Европа-45. Европа-Запад
Шрифт:
Он не был богат. Лицо его отмечено скорее печатью упрямства, нежели привлекательностью. Никто в те времена не отмечал его умственных способностей. Но он знал, чего хочет. Он был последователен в своих действиях, умел доводить начатое до конца. Сорок лет — слишком длительный отрезок времени, чтобы возродить в сердце те чувства, которые в нем тогда бушевали. Любил ли он Эмму Вайер, ставшую его женой? Очевидно, любил, если подарила она ему троих детей, двух его первенцев — Конрада и Макса — и дочь. И возможно, только случайному сплетению обстоятельств должен быть он благодарен за то, что его первая жена Эмма Вайер была родственницей Валлрафов, богатейших тогда людей в Кельне, родственницей кельнского обер-бургомистра Макса
Да он, собственно, об этом и не думал. Знал только, что всегда держал свою судьбу в собственных руках, был, как говорят в Америке, селфмейдмэном — человеком, который сам себя сделал.

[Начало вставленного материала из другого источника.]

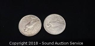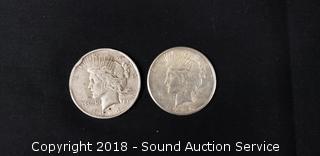 Lot #0147: (2) 1924 & 1925 Silver Peace Dollars - 90% Silver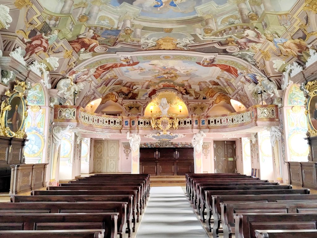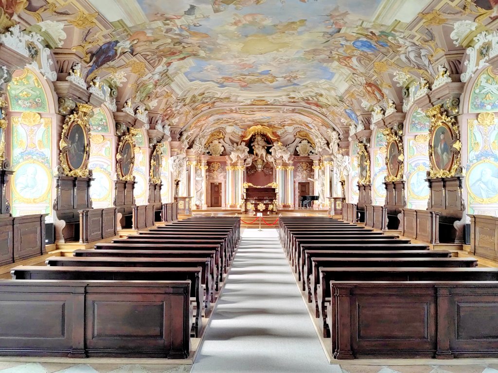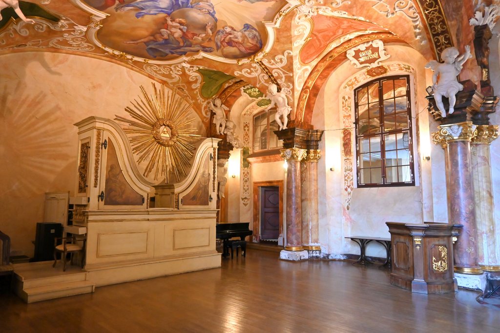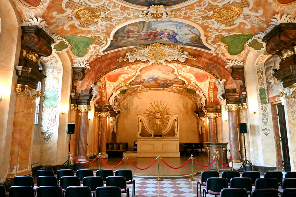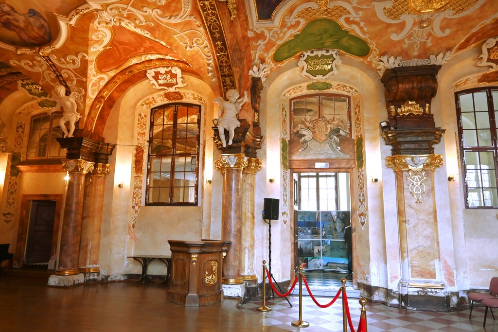 Przechodząc na pierwsze piętro stajemy przed bogato rzeźbionymi drzwiami. To za nimi kryje się kolejna wyjątkowa sala. Ta część muzeum była przez długi czas niedostępna a po renowacji ponownie można podziwiać kunszt rzeźbiarzy i malarzy będących twórcami tego miejsca.

Когда умерла Эмма, он женился на Августе Цинсер — милой Гусси, которая помогла ему в самые тяжелые годы. Теперь уже выбирал не он — выбирали его, потому что он был обер-бургомистром города Кельна, самым молодым бургомистром в Германии — ему было всего лишь сорок три года, а Гусей была дочерью профессора дерматологии Кельнского университета — и все. И опять же только случай виноват в том, что Лени — сестра Гусси — стала вскоре супругой американского миллионера Джона Макклоя. У Цинсеров были еще какие-то родственные связи с известным банкирским домом Моргана, но разве это ему помогло в те злосчастные двенадцать лет? И вообще, помог ли ему кто-либо выстоять после того, как в тридцать третьем году гитлеровцы устранили его с поста обер-бургомистра Кельна?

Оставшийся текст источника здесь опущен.